▶ Problem to solve:
Please print every record below exactly as written, leaving out the pictures.

▶ Task inputs:
▼

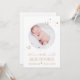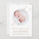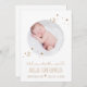 Compartilhe a notícia do nascimento do seu bebê com este anúncio de nascimento do bebê "Bem-vindo ao mundo", simples estrelas de ouro e design da Lua. Personalize com foto, data de nascimento, peso, comprimento e o nome do seu bebê.
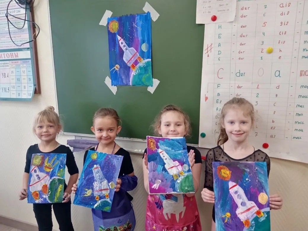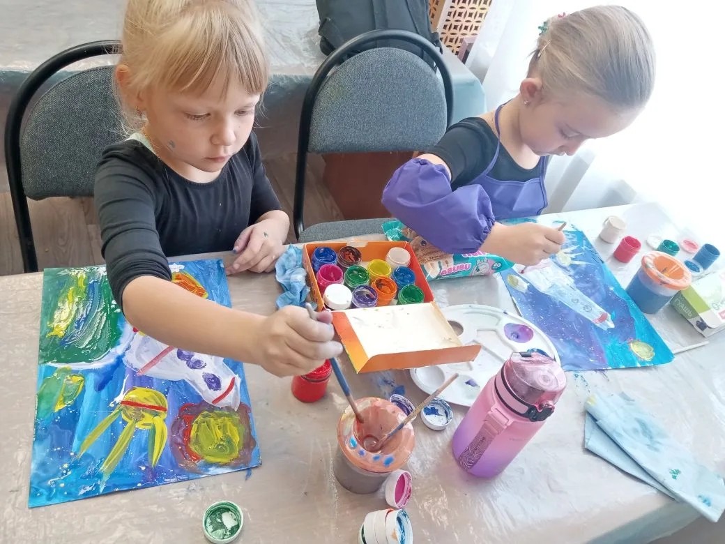 Ребята рисовали звёздное небо с планетами, по которому летит космический корабль.
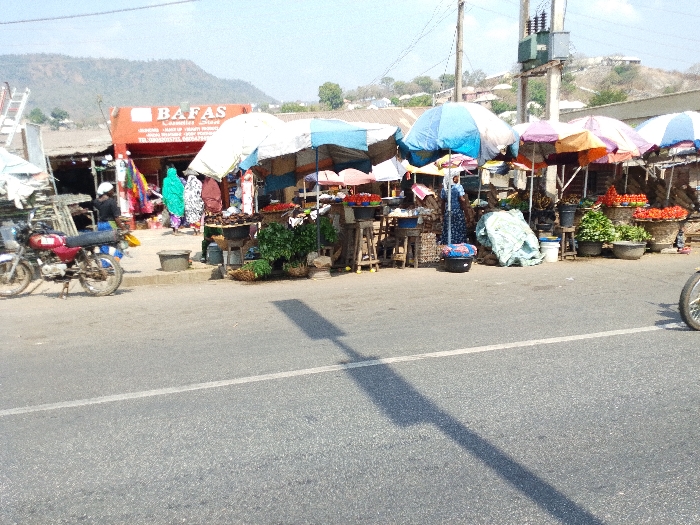 The scene depicts a vibrant street market situated alongside an asphalt road in Lokoja, Nigeria
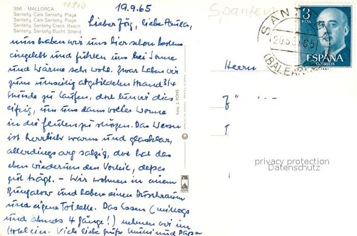 old postcard Santanyi Islas Baleares Playa Hotel postalisch gelaufen Erhaltung siehe scans [FriedD77]
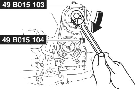 - Do not turn the crankshaft pulley counter clockwise, otherwise the crankshaft pulley bolt could loosen and the timing could change causing engine damage.
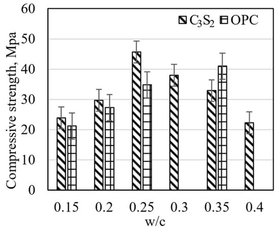 The amount water is also significant as it is needed to promote the carbonation reaction by dissolving CO2 and releasing CO32− ions. CO2 in the gaseous form cannot react directly with the cementitious material as CO2 gas must primarily be dissolved in water to form carbonate ions (carbonic acid). Subsequently, these ions react with the calcium ions of pore water. However, excessive water may compromise the rate of carbonation due to the clogging of pores and reduced carbon dioxide diffusion. In this case, a faster accumulation of precipitations on the surface is observed. At low water-to-cement (w/c) ratios, the gas permeability increases and diffusion of CO2 into the material is effectively achieved. For this reason, as has already been determined, the optimum water-to-solids (w/s) ratio is in the range of 0.06 to 0.20 [105]. However, the same degree of carbonation may require a different water content for various types of cement.
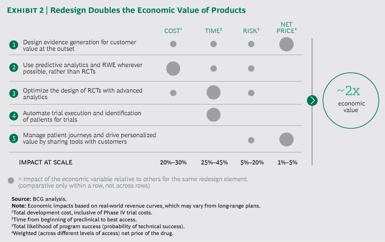 Proof points already exist for each of the five elements of the redesign. Implementing them together at scale will double the economic value of a pharmaceutical company’s products. (See Exhibit 2.) This is owing to a combination of four factors: lower cost of evidence generation, lower risk, faster time to best access (increasing the launch-to-loss-of-exclusivity window), and better net price (inclusive of rebates, copay assistance, and access). The redesign ultimately puts companies on a new S curve, allowing them to more readily translate ongoing digital and analytics experimentation into bottom-line impact (as opposed to just adding new costs, as is often the case with such investments today).
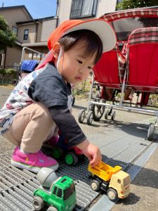 車のおもちゃに砂場の砂を積載して、『ぶーん!』と公園中を走り回ったり、
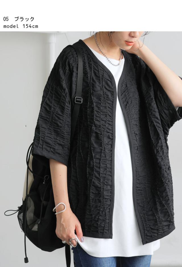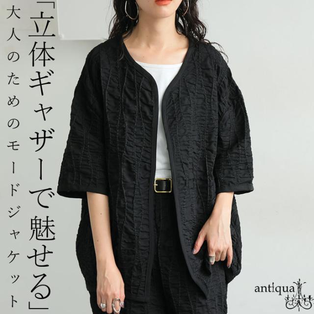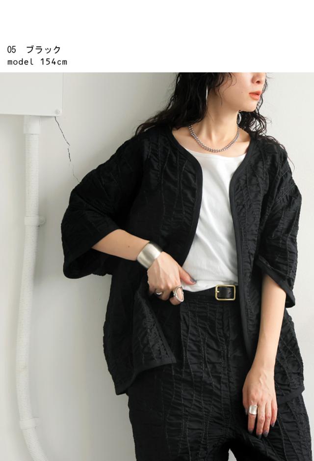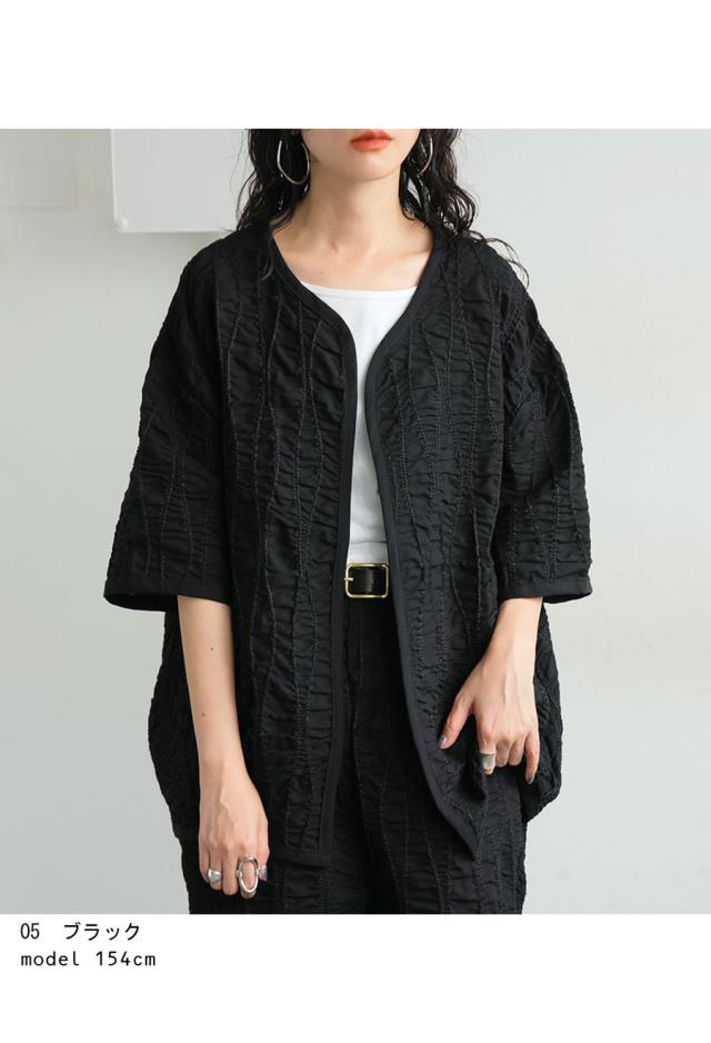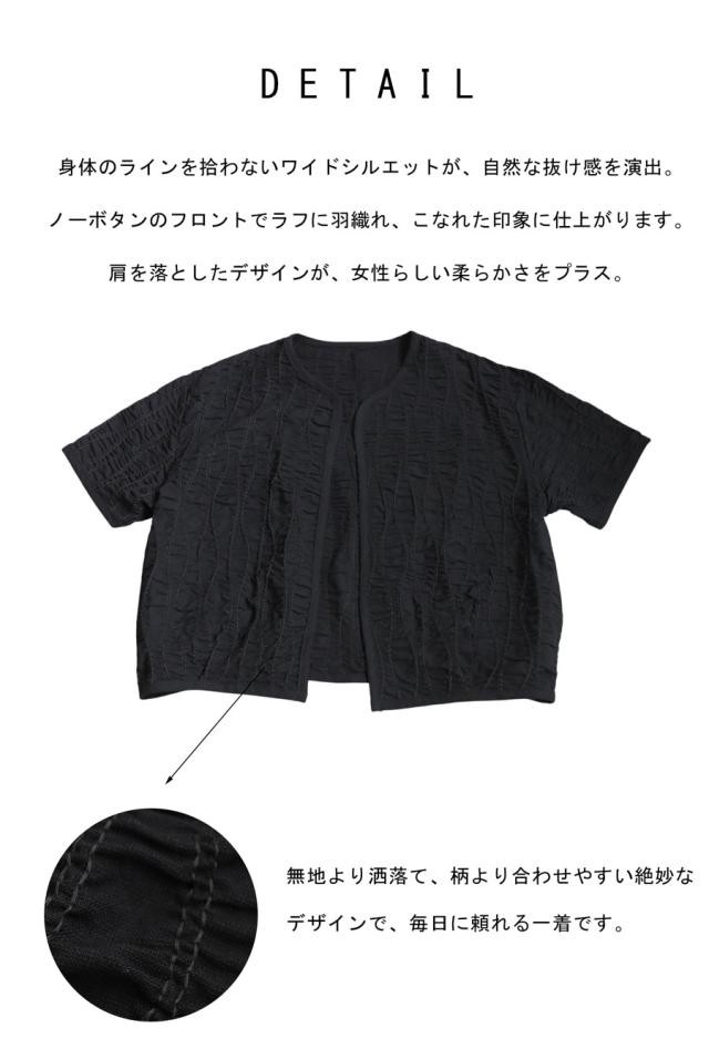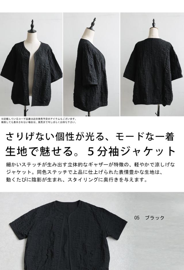 pa-03789 ジャケットトップス ライトアウター 5分袖 立体 ギャザー ステッチ 綿混 モード 体型カバー ブラック 黒 カジュアル シンプル ナチュラル セットアップ
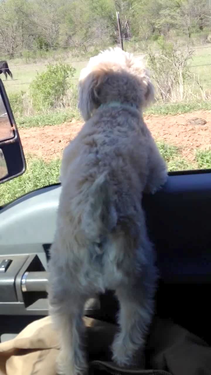 A dog barks at a cow while riding in a car and then jumps out of the car window to chase the cow.
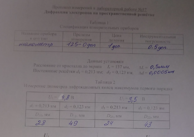 Лабораторная работа 57: Дифракция электронов на пространственной решетке

▲

▶ Answer for the task:
 Compartilhe a notícia do nascimento do seu bebê com este anúncio de nascimento do bebê "Bem-vindo ao mundo", simples estrelas de ouro e design da Lua. Personalize com foto, data de nascimento, peso, comprimento e o nome do seu bebê.
 Ребята рисовали звёздное небо с планетами, по которому летит космический корабль.
 The scene depicts a vibrant street market situated alongside an asphalt road in Lokoja, Nigeria
 old postcard Santanyi Islas Baleares Playa Hotel postalisch gelaufen Erhaltung siehe scans [FriedD77]
 - Do not turn the crankshaft pulley counter clockwise, otherwise the crankshaft pulley bolt could loosen and the timing could change causing engine damage.
 The amount water is also significant as it is needed to promote the carbonation reaction by dissolving CO2 and releasing CO32− ions. CO2 in the gaseous form cannot react directly with the cementitious material as CO2 gas must primarily be dissolved in water to form carbonate ions (carbonic acid). Subsequently, these ions react with the calcium ions of pore water. However, excessive water may compromise the rate of carbonation due to the clogging of pores and reduced carbon dioxide diffusion. In this case, a faster accumulation of precipitations on the surface is observed. At low water-to-cement (w/c) ratios, the gas permeability increases and diffusion of CO2 into the material is effectively achieved. For this reason, as has already been determined, the optimum water-to-solids (w/s) ratio is in the range of 0.06 to 0.20 [105]. However, the same degree of carbonation may require a different water content for various types of cement.
 Proof points already exist for each of the five elements of the redesign. Implementing them together at scale will double the economic value of a pharmaceutical company’s products. (See Exhibit 2.) This is owing to a combination of four factors: lower cost of evidence generation, lower risk, faster time to best access (increasing the launch-to-loss-of-exclusivity window), and better net price (inclusive of rebates, copay assistance, and access). The redesign ultimately puts companies on a new S curve, allowing them to more readily translate ongoing digital and analytics experimentation into bottom-line impact (as opposed to just adding new costs, as is often the case with such investments today).
 車のおもちゃに砂場の砂を積載して、『ぶーん!』と公園中を走り回ったり、
 pa-03789 ジャケットトップス ライトアウター 5分袖 立体 ギャザー ステッチ 綿混 モード 体型カバー ブラック 黒 カジュアル シンプル ナチュラル セットアップ
 A dog barks at a cow while riding in a car and then jumps out of the car window to chase the cow.
 Лабораторная работа 57: Дифракция электронов на пространственной решетке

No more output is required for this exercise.